Stanley Johnston (1900 - September 13, 1962) was an Australian-American journalist who, as a correspondent during World War II, wrote a story for the Chicago Tribune that inadvertently revealed the extent of American code-breaking activities against the Imperial Japanese Navy (IJN). The story resulted in efforts by the United States government to prosecute Johnston and other Chicago Tribune journalists, an effort what remains the only time the Espionage Act was used against journalists in the United States. No indictment was returned, and grand jury proceedings were sealed until 2016.

==Early life==
Johnston was born on Palmers Island near Yamba, New South Wales. He joined the Australian Army at the age of 14.

== Career ==
After participating in the Gallipoli Campaign during World War I and ten years of working in gold mines in New Guinea, Johnston embarked on a three-year holiday that took him through the United States and Europe. He met dancer Barbara Beck in New York City in 1936, married her, and took her on a tour through Europe. While in France, he coordinated press dispatches transmitted to and from Europe from a transmitter in Bordeaux, and later the Netherlands. In 1940, as the Netherlands were invaded, he escaped to Lisbon and then London, where he worked as a correspondent for the Chicago Tribune, covering the Battle of Britain. In late-1940, he was called to Chicago where he impressed the newspaper with his knowledge of events in England. About this time, he became an American citizen and was reunited with his wife, who had been repatriated from Paris. Although he was not a trained journalist, he was eventually assigned to a press position aboard the USS Lexington in the Pacific.

===War correspondent===
Johnston was the only member of the press aboard Lexington when the aircraft carrier took part in the Battle of the Coral Sea in early May 1942. Following the sinking of the aircraft carrier in the battle Johnston was repatriated aboard the USS Barnett with the Lexingtons executive officer, Commander Morton T. Seligman. Seligman had access to naval communications. One general dispatch in late May dealt with American appreciations of Japanese naval movements in the weeks leading up to the June 1942 Battle of Midway, that implied American foreknowledge of events. Johnston claimed he saw the dispatch, "a scrap of paper with doodling on it," which he threw away. Johnston returned to Chicago and published 15 first-hand accounts of the events of the battle. He also wrote an account of the prelude to the Midway action that caused fears in the United States Navy that the Japanese would realize that their codes were broken.

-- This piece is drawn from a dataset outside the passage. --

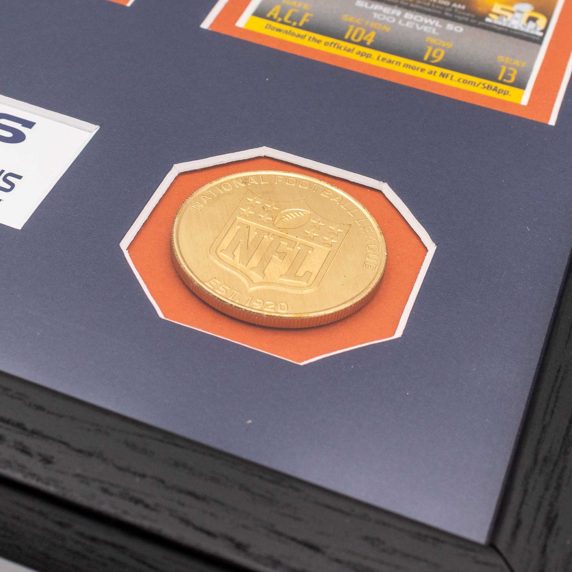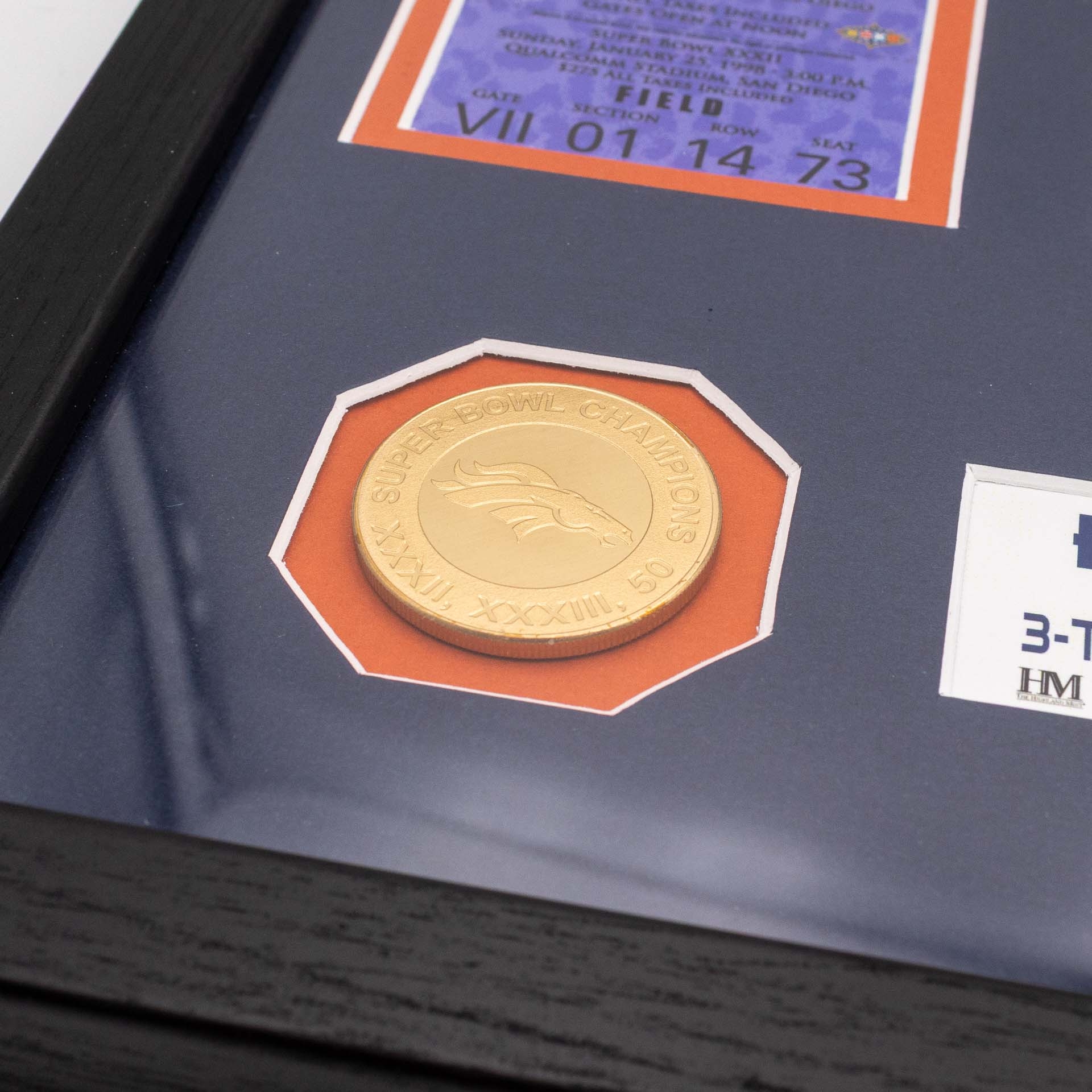 Highland Mint NFL gerahmtes Bild mit zwei Bronzemünzen und den Super Bowl Champions Tickets der Denver Broncos.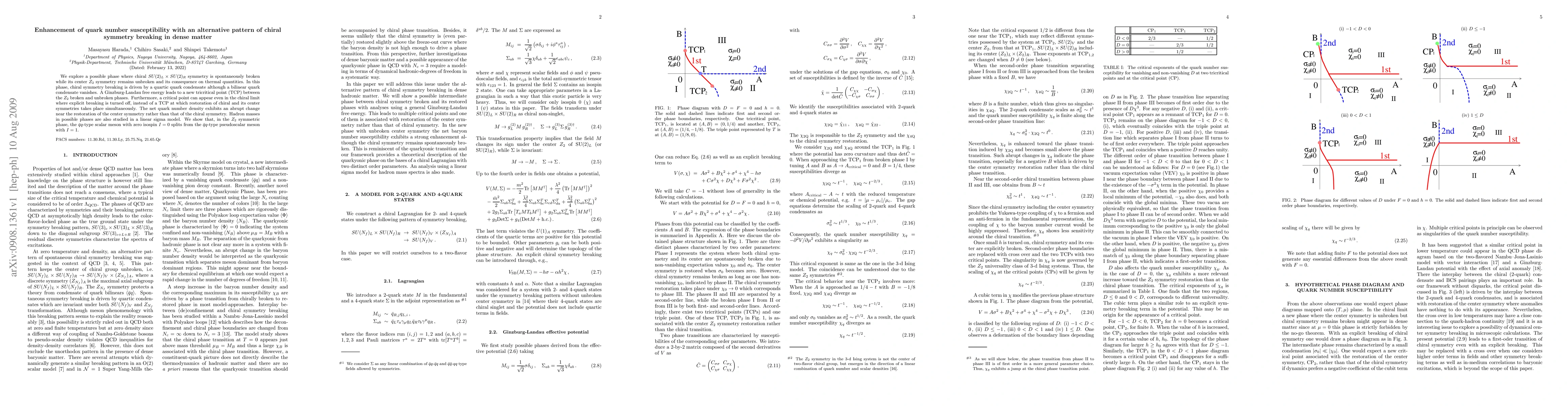 We explore a possible phase where chiral $SU(2)_L \times SU(2)_R$ symmetry is spontaneously broken while its center $Z_2$ symmetry remains unbroken and its consequence on thermal quantities. In this phase, chiral symmetry breaking is driven by a quartic quark condensate although a bilinear quark condensate vanishes. A Ginzburg-Landau free energy leads to a new tricritical point (TCP) between the $Z_2$ broken and unbroken phases. Furthermore, a critical point can appear even in the chiral limit where explicit breaking is turned off, instead of a TCP at which restoration of chiral and its center symmetries takes place simultaneously. The net quark number density exhibits an abrupt change near the restoration of the center symmetry rather than that of the chiral symmetry. Hadron masses in possible phases are also studied in a linear sigma model. We show that, in the $Z_2$ symmetric phase, the $\bar{q}q$-type scalar meson with zero isospin I=0 splits from the $\bar{q}q$-type pseudoscalar meson with I=1.

Tribune publisher Robert R. McCormick and President Franklin D. Roosevelt were longtime adversaries and the story infuriated Roosevelt. Secretary of the Navy Frank Knox pressed Attorney General Francis Biddle to prosecute Johnston and others at the Tribune for harm to national security under the Espionage Act of 1917. A grand jury declined to indict, because revealing enemy secrets was not then an offence, and also because the Navy could not release evidence for fear of further compromise. The grand jury testimony remained sealed for 75 years until it was released after successful court action by historians. In the meantime, Seligman was blamed by Navy investigators for the security breach, transferred to shore duty, and denied promotion. The investigation was the only instance in which reporters were ever under threat of prosecution under the Espionage Act.

Johnston authored a book, Queen of the Flat-Tops, in 1942, that recounted his experiences aboard the USS Lexington.

After the war Johnston was a correspondent in Latin America for two years, then returned to Chicago to manage the Tribunes promotions department. In 1955 he became manager of Robert McCormick's Cantigny estate.

== Death ==
Johnston died of an apparent heart attack in Wheaton, Illinois on September 13, 1962, aged 62. His obituary was published on the front page of the Chicago Tribune.